看來 head noun 必須是 「鼻(子)」, 不能變通更換成「涕」(as in 鼻涕) 或「水」(as in 鼻水)。 想不出中文如何稱呼「流涕之鼻」(在其他語境，或許可以創意地稱其為「涕鼻」、「水龍鼻」)。 我只想到被黃涕堵塞住的「塞鼻」。


----------



## elaineyannn

Skatinginbc said:


> 看來 head noun 必須是 「鼻(子)」, 不能變通更換成「涕」(as in 鼻涕) 或「水」(as in 鼻水)。 想不出中文如何稱呼「流涕之鼻」(在其他語境，或許可以創意地稱其為「涕鼻」、「水龍鼻」)。 我只想到被黃涕堵塞住的「塞鼻」。


是的，这也是我觉得困难的地方。谢谢你！


----------



## Skatinginbc

創意性的「流水鼻」不知可否接受？ 有人說：「寶寶的流水鼻。」


----------



## SuperXW

字面上不等同于“鼻涕”，但意义上完全应该换成“鼻涕”吧！带菌的是鼻涕，不是鼻子。


----------



## Skatinginbc

那 list 中的項目，沒一個是直接的含菌之物 (e.g , 唾液、糞便、尿液、血液、汗水、痰、等等)，而都是間接、可能會沾染到菌體的仲介物 (e.g., 馬桶、車) 或 帶原者 (e.g., 寵物、小孩)。 因此，「鼻涕」與其他項目 (e.g., 車) 格格不入。 我堅信 head noun 必須是 「鼻」, 否則修辭上是為敗筆。


----------



## SuperXW

这个恐怕很难完美处理


----------



## RA-Horakthy

elaineyannn said:


> I'm translating a document on hygiene, and "runny noses" is listed as one of the few things with harmful bacteria that one may get in contact in a day. I know what the term means but I can't seem to find a good translation for it. 鼻涕 seems a little casual for the context.
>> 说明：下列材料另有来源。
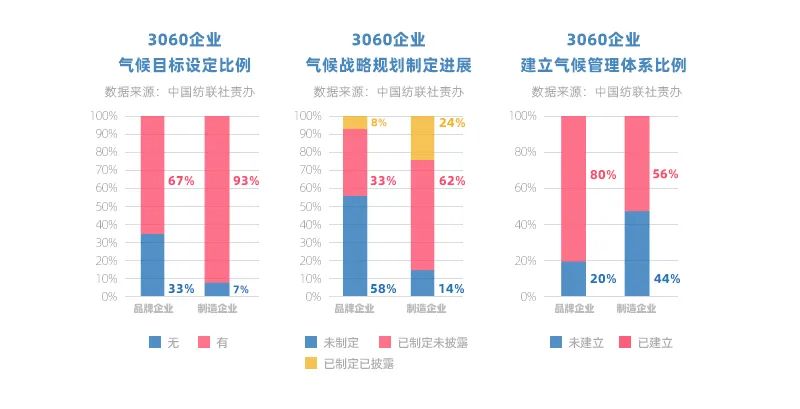 截至2023年9月,已有21家品牌企業(yè)、42家制造企業(yè)和3個重點紡織集群加入“30·60碳中和加速計劃”,企業(yè)以組織層級的雙碳戰(zhàn)略方案制定和產(chǎn)品層級的碳足跡測評為抓手,穩(wěn)步推進相關(guān)工作,用實際行動踐行氣候承諾。

鼻涕可以啊。。你给的那个列表上都是可传播病原体的东西，鼻涕和香烟一类的在这方面没有区别。英语没有鼻涕的对应名词，(snort 指的是擤鼻涕的声音）鼻涕也不算什么正式用语。在这个语境下完全可以


----------



## Skatinginbc

抽過的香煙 (cigarette butts) 會沾帶 唾液 (saliva).
流水鼻子 (runny noses) 會沾帶 鼻涕 (snot = nasal mucus).
唾液 對應 鼻涕。 香煙 對應 鼻子。


----------



## RA-Horakthy

上面写的是香烟，并不是烟蒂。按你这种对法的话小孩子和宠物要怎么说。。。这个list本身就不是很严谨，如果一定要说鼻子的话，感冒时的鼻子，可以作为参考。但是鼻子。。你感冒的时候是因为碰到鼻涕而手染病菌，这么讲的确可以跟碰到唾液对上，但是孩子宠物汽车。。难道说体液吗。。或者毛发？而且鼻子这个器官它没有分泌鼻涕的功能，鼻涕是呼吸系统造的，鼻子只是一个导体。如果非要用鼻子的话。。感冒时的鼻子，是一个选择，但是这样跟烟孩子宠物对不上，只说鼻子的话，又和原文runny nose不搭。如果按翻译传情达意来讲，我还是喜欢直接翻译为鼻涕。你不感冒的时候鼻涕只存在于呼吸粘膜里，不会跑出来，只有感冒或者生病的时候才会流出来或者堵塞。


----------



## Skatinginbc

我們的手可傳播多少細菌，想想你(帶病時)，手都摸了些什麼：
流水鼻 (手摸了自己流涕的鼻子，便會沾帶了病菌)。
香煙 (抽香煙，香煙便會沾上自己的口水，你手上拿著香煙，手便沾帶了自己的病菌)。
寵物、小孩、車 (你帶病菌的手，摸了這些東西，就會把病菌遺留在他們的毛髮、皮膚、或表面上，被別人接觸，就會害別人生病)。


----------



## RA-Horakthy

列在一起的，都是能通过触摸传给手细菌的，如果把传给手细菌的和被手传播细菌的列在一起不严谨，而且原文应该表达的是这些东西都快传播给手细菌

还有。。。你把那么短的一个list翻译这么长也有避重就轻之嫌。。


----------



## SuperXW

我的原则是：宁可改换原词但求顺畅沟通，也不求标新立异自创新词。


----------



## retrogradedwithwind

涕鼻，感觉挺好的。应该可以理解。也符合汉语造词习惯。


----------



## Ghabi

译的人可能会为这种造词自我感觉良好，但实际的读者看到，大概只会认为是打错了字。有时候要为读者设想一下。


----------



## retrogradedwithwind

符合造词规律的新词，应该是很好接受的。关键是要有恰当的上下文，以便理解。这样的词，第一次见会觉得陌生，第二次见就没问题了。同类词，泪眼婆娑中的泪眼。

也可以翻译成“流涕鼻”“重涕鼻”“跑涕鼻”之类的。更好理解。


----------



## Skatinginbc

Skatinginbc said:


> 在其他語境，或許可以創意地稱其為「涕鼻」


譬如： 誰會待見淚眼涕鼻，難看的哭喪臉？


----------



## brofeelgood

retrogradedwithwind said:


> 也可以翻译成“流涕鼻”“重涕鼻”“跑涕鼻”之类的。更好理解。


This fits.


----------



## albert_laosong

I think the item of runny nose in the list can be translated as "用手擦鼻涕”，which I think is also what it actually means in the original text. 
we don't have to translate it into a noun(鼻涕 or 鼻子）just because the other items in the list are nouns. 
using 鼻涕 or 鼻子 here wouldn't be the best choices I think, it would be confusing.


----------



## SuperXW

Ghabi said:


> 译的人可能会为这种造词自我感觉良好，但实际的读者看到，大概只会认为是打错了字。有时候要为读者设想一下。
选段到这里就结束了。